> [What you are asked to do]:
Retype each line of the data below exactly, beginning with the first and ending with the one that contains "Schlichte Einladungskarte zur". Pictures do not belong in the copy.

> [Records for processing]:
********

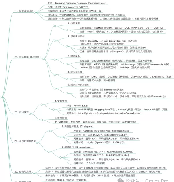 从文献中提取此类关系面临诸多挑战,例如:需要自动化处理全文内容、整合生物术语的多种同义表达形式,以及部署复杂的自然语言处理和机器学习模型。为降低技术门槛并提升可访问性,研究人员开发了一个名为 DancePartner 的 Python 软件包。该工具能够从科研文献和现有数据库中高效提取生物分子间的功能关系,支持将不同命名的同义词映射至标准标识符,并具备构建与可视化多组学网络的能力。
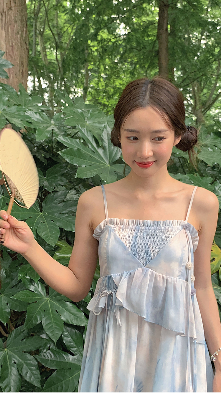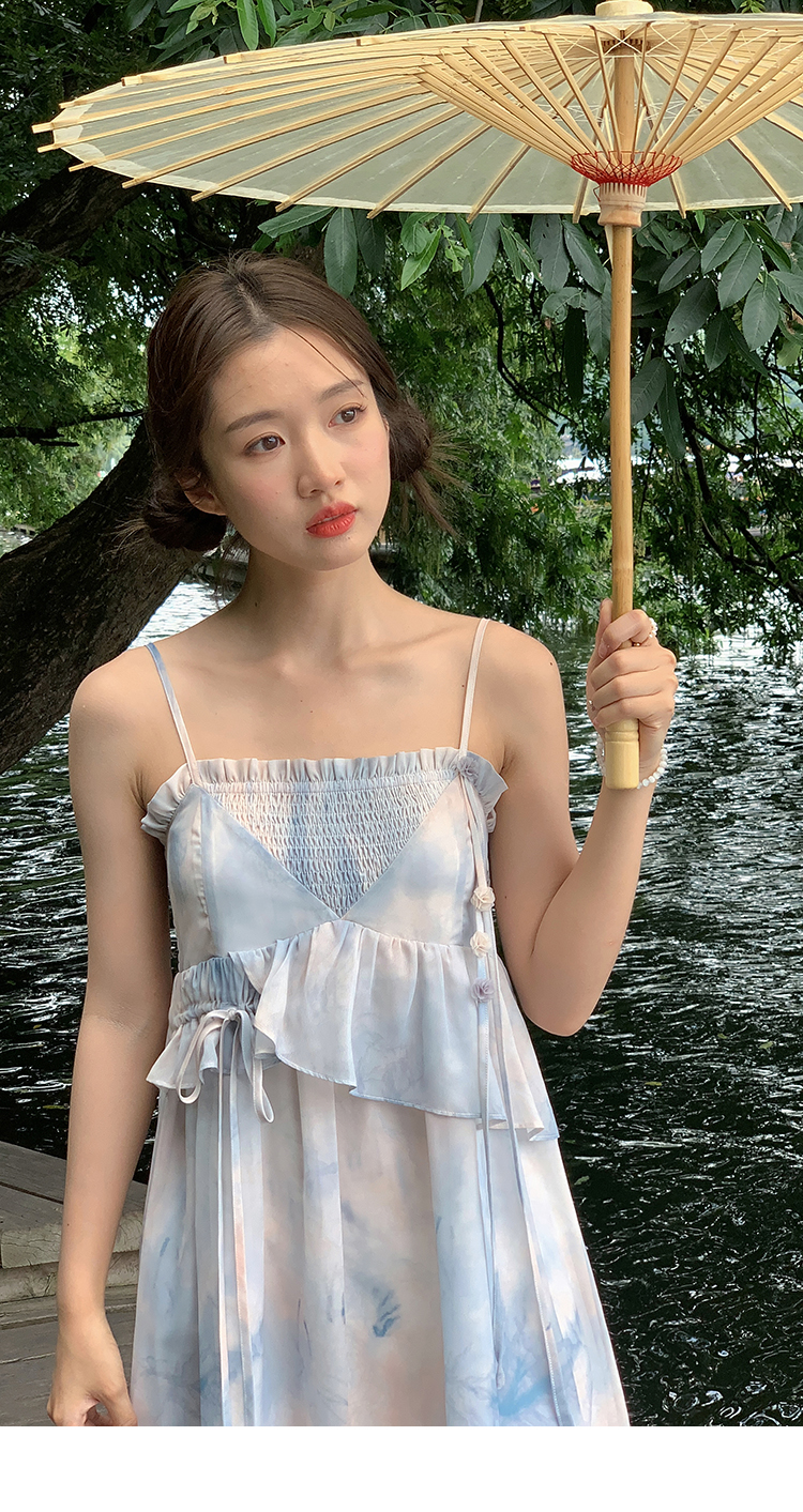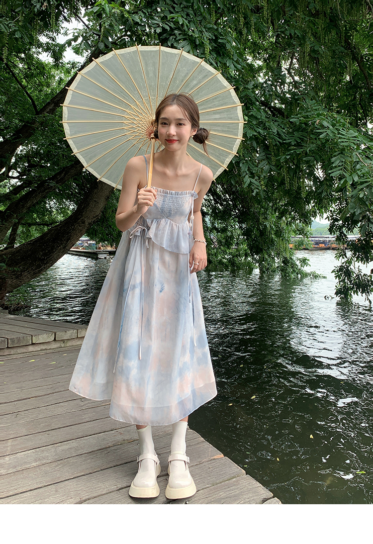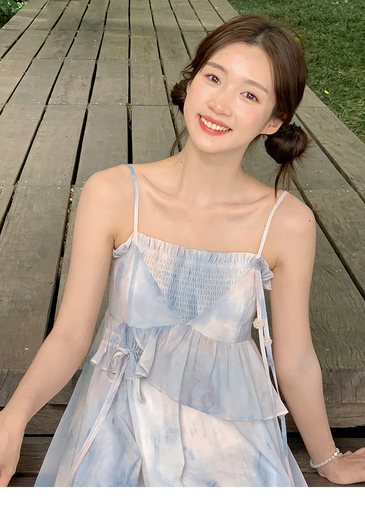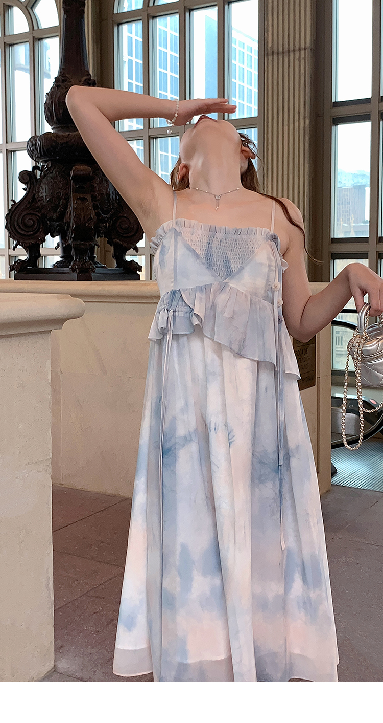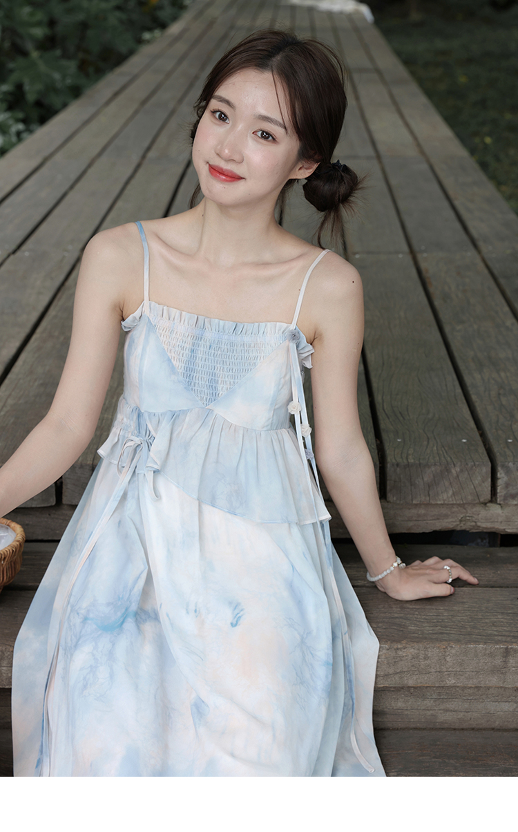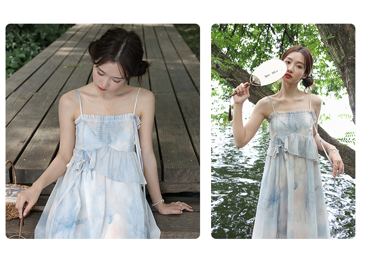 芝士日 裙子女夏季2023新款暈染吊帶連衣裙甜美高級感清純中長裙
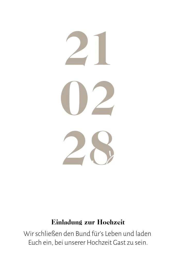 Schlichte Einladungskarte zur Hochzeit mit abgerundeten Ecken. Die Postkarte im Hochformat hat auf der Vorderseite Zahlen in beige. Auf der Rückseite sind diese zart in den Hintergrund gestellt.
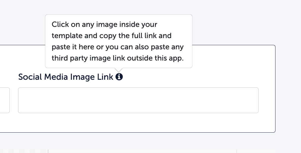 You can use the URL of any image hosted on the public web, including images you have already uploaded into your email template. To use an image from inside your template, click on the image in the editor canvas, then look for the option in the right panel that displays the image's URL. Copy that URL and paste it into the Social Media Image Link field.
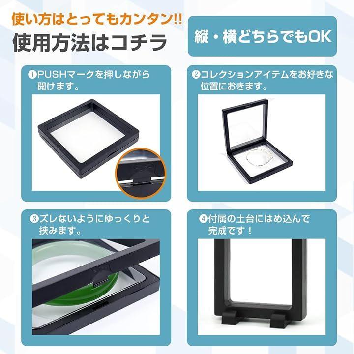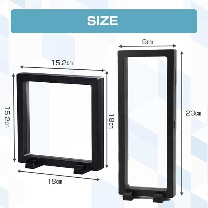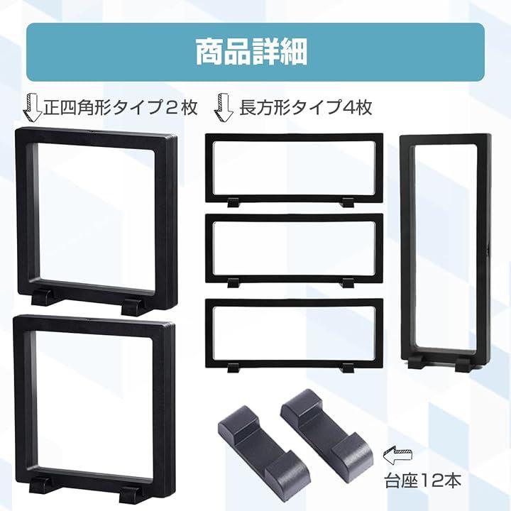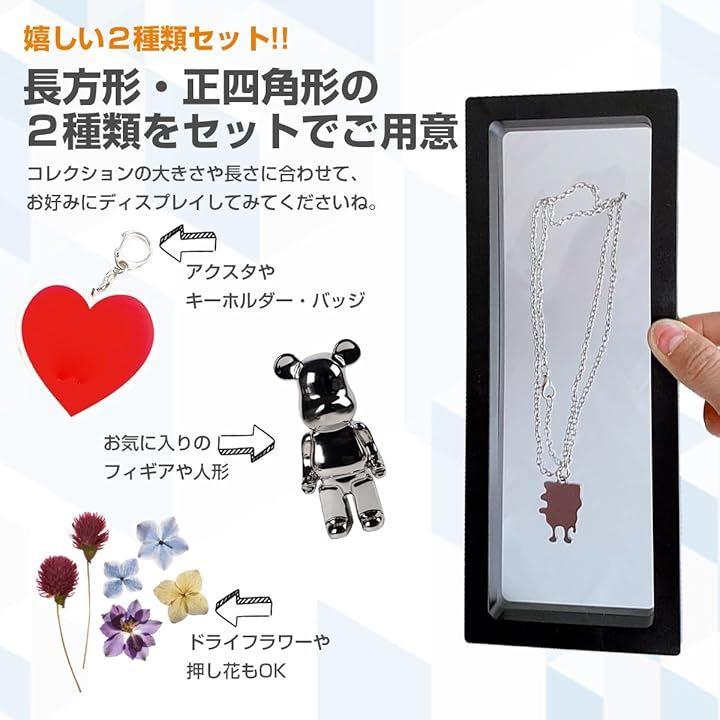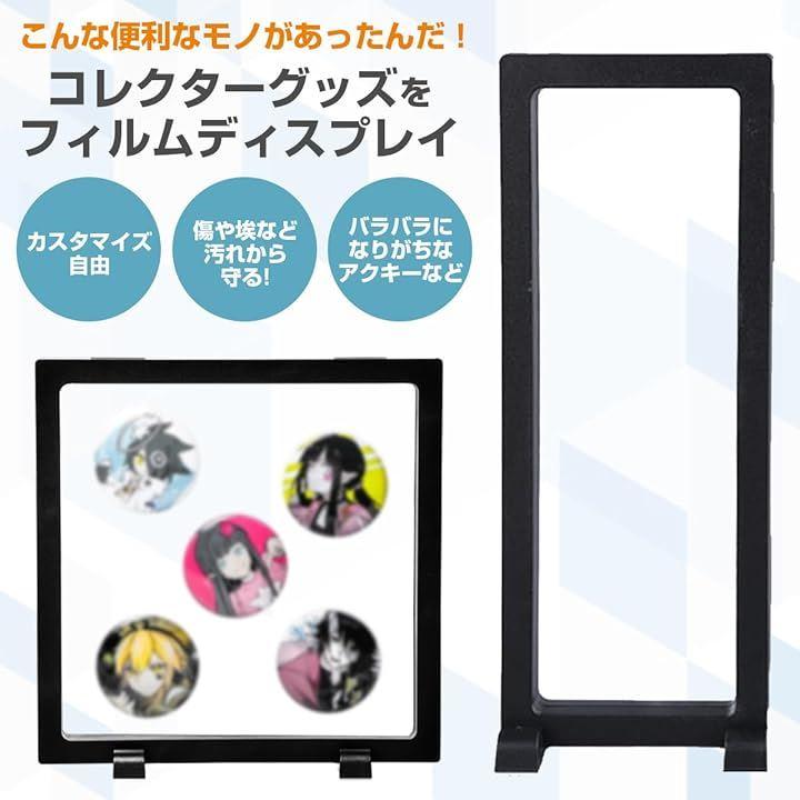 グッズが映えるブラックフレーム、小物を挟んで浮かせるので空中ディスプレイも可能。
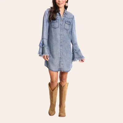 Women's Medium Wash Denim Frayed Shirt Dress In Blue
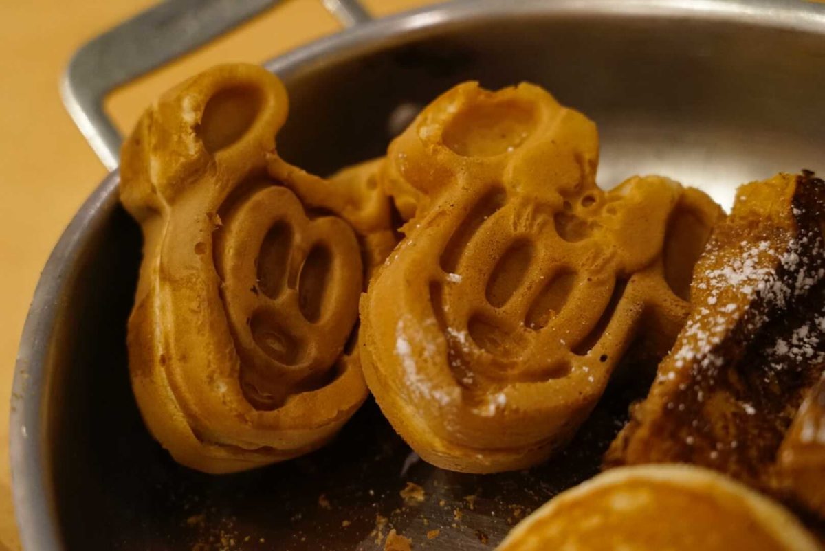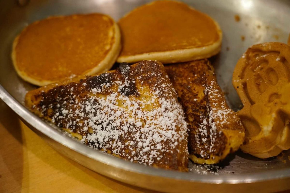 Mickey and Minnie Waffles, Seasonal Pancakes, Brioche French Toast, Cage-free Scrambled Eggs, Bacon, Breakfast Sausage, Crispy Potato Barrels, and Beef Hash
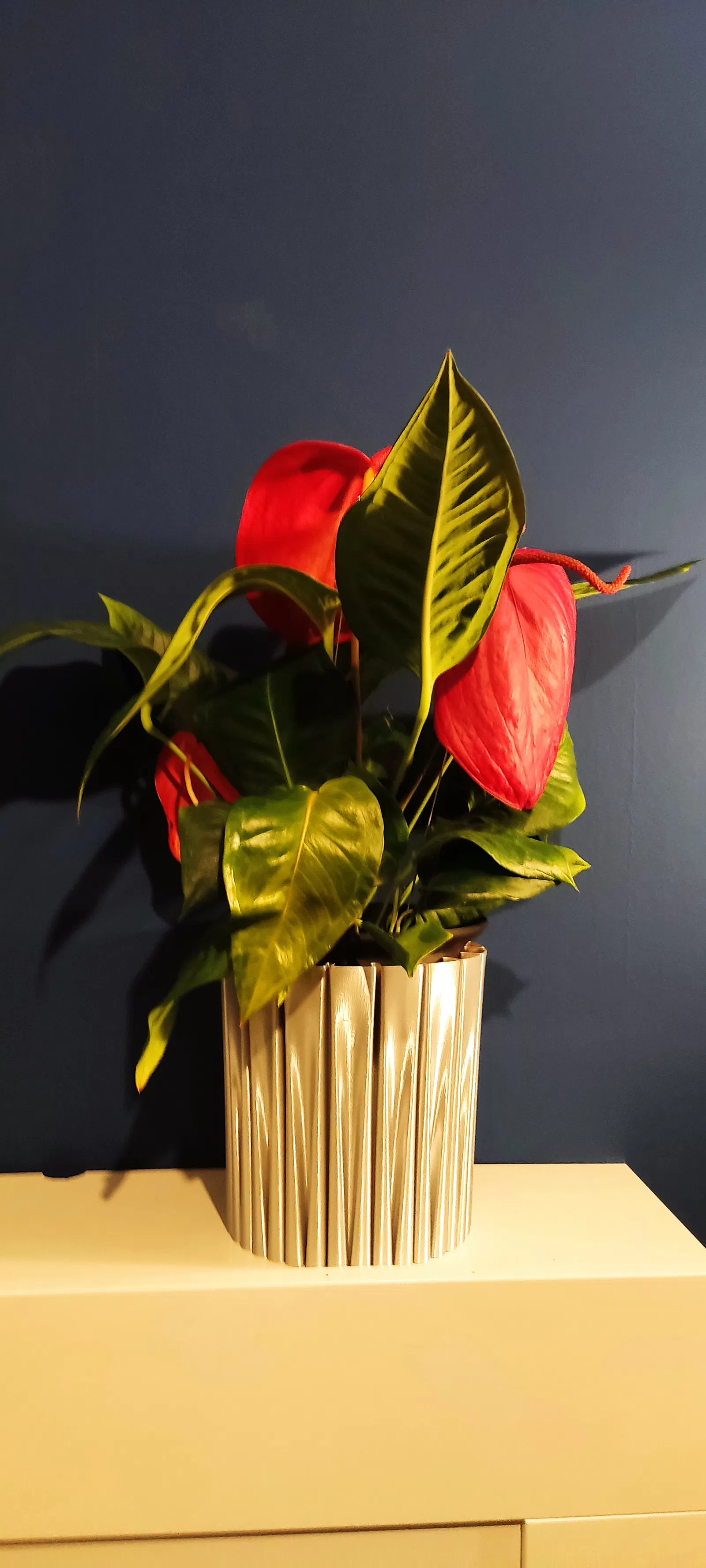 Chậu hoa đẹp cỡ lớn, in bằng PLA chế độ vase mode. Thông số in: độ rộng đường in 0.8mm, độ dày lớp 0.3mm, đầu phun 0.4mm. Rất phù hợp để trồng cây cảnh.
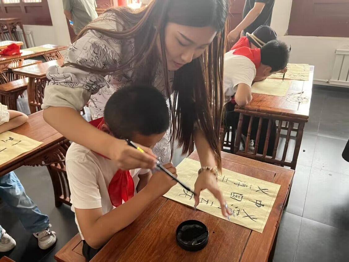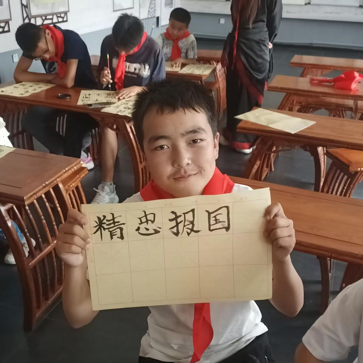 韓海洋同學表示:“除了愛國主義教育宣講外,我們還注重培養他們文明參觀的意識,養成保持和維護公共場所秩序的良好行為習慣。書法課一開始,我們這些老師還沒想到要教小同學們寫什么字,他們主動提出‘義薄云天’‘精忠報國’等漢字,這些小同學雖身處天山下的草原小鎮,但他們心胸寬廣,知識淵博,心系祖國,是國家的棟梁之材,我們收獲了很多喜悅與感動。”
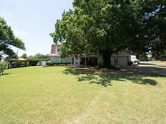 This home is located in Edgewater Park which is a short drive to Lawton and Fort Sill and sits on a corner lot that is about .7 acres +/-. The home offers 3 bedrooms, 2.5 baths and 2 car garage. The family room is spacious and has a wood burning fireplace and opens up to the dining room. This kitchen has been redone and has ample cabinetry and counter space. There is a large walk in pantry under the staircase. Off the kitchen is a sun-room that is perfect for morning coffee and relaxing. Downstairs you have 1 bedroom and full bath and upstairs 2 bedrooms with 1.5 bath and a large walk in closet that could also be used as an office. Outside you have mature landscaping and trees, 24 x 30 shop with concrete floor, overhead door, 6 big windows, butane heat overhead heater and large butane tank outside for fuel and is on a separate electric meter and two large storage sheds, well with new pump and many other great amenities. You are walking distance to the lake, kids can play outdoors and other outdoor activities. The owners have made many great improvements to the home that you need to come see for yourself.
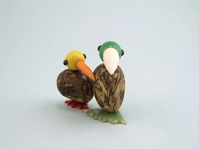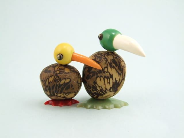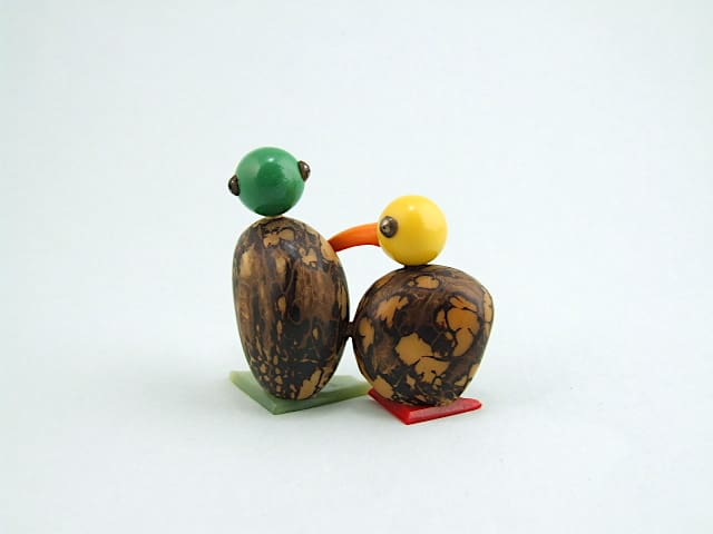A pair of vintage art deco nut birds with phenolic heads and feet.
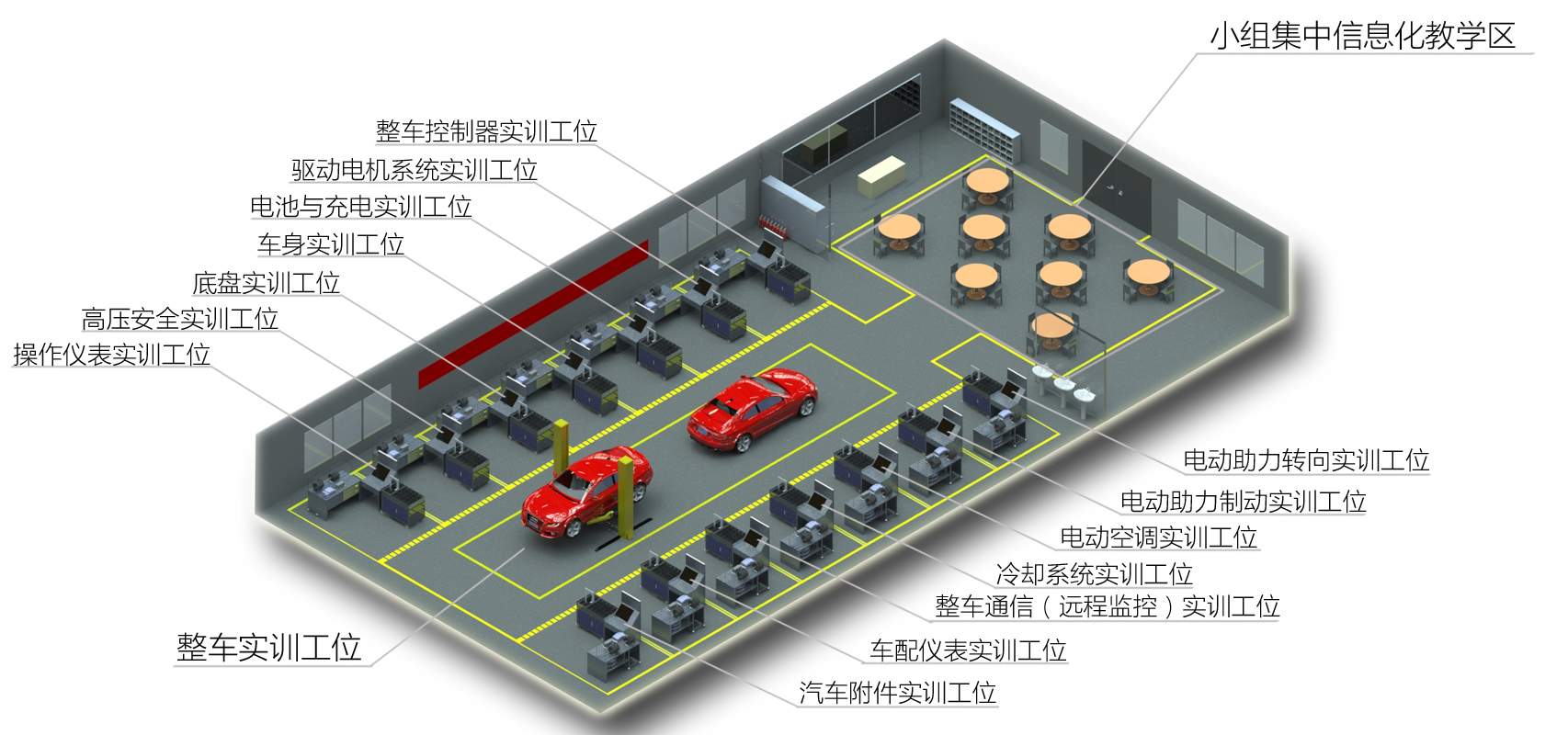 流水線型BEV實(shí)訓(xùn)系統(tǒng)(Flow Lined Vocational PracticeSystem of BEV)簡(jiǎn)稱FLVPS,由總計(jì)13個(gè)實(shí)訓(xùn)工位構(gòu)成。FLVPS系統(tǒng)構(gòu)成了職業(yè)教育及應(yīng)用型本科教育新能源電動(dòng)汽車技術(shù)專業(yè)或車輛工程類專業(yè)新能源汽車技術(shù)方向的綜合實(shí)訓(xùn)所需手段的綜合解決方案,為學(xué)校提供實(shí)訓(xùn)所需軟件硬件一體化的系統(tǒng)完整的教育技術(shù)平臺(tái)。系統(tǒng)按德國(guó)行動(dòng)導(dǎo)向的職業(yè)教育思想和理念開發(fā)設(shè)計(jì),支撐以項(xiàng)目教學(xué)方法為主、引導(dǎo)文、案例和角色扮演為輔的行動(dòng)導(dǎo)向教學(xué)方法,突出“做中學(xué)”和“學(xué)中做”,不是在現(xiàn)成設(shè)備上學(xué)習(xí),而是在做設(shè)備的過(guò)程中學(xué)習(xí)。系統(tǒng)依據(jù)電動(dòng)汽車維修職業(yè)行動(dòng)領(lǐng)域決定的對(duì)知識(shí)和技能的需求,支持開展構(gòu)造認(rèn)知、原理研討、拆裝操作、運(yùn)行操作、檢測(cè)操作、維修操作、保險(xiǎn)定損評(píng)定等實(shí)訓(xùn)的開展。

********

> [Result of the task]:
 从文献中提取此类关系面临诸多挑战,例如:需要自动化处理全文内容、整合生物术语的多种同义表达形式,以及部署复杂的自然语言处理和机器学习模型。为降低技术门槛并提升可访问性,研究人员开发了一个名为 DancePartner 的 Python 软件包。该工具能够从科研文献和现有数据库中高效提取生物分子间的功能关系,支持将不同命名的同义词映射至标准标识符,并具备构建与可视化多组学网络的能力。
 芝士日 裙子女夏季2023新款暈染吊帶連衣裙甜美高級感清純中長裙
 Schlichte Einladungskarte zur Hochzeit mit abgerundeten Ecken. Die Postkarte im Hochformat hat auf der Vorderseite Zahlen in beige. Auf der Rückseite sind diese zart in den Hintergrund gestellt.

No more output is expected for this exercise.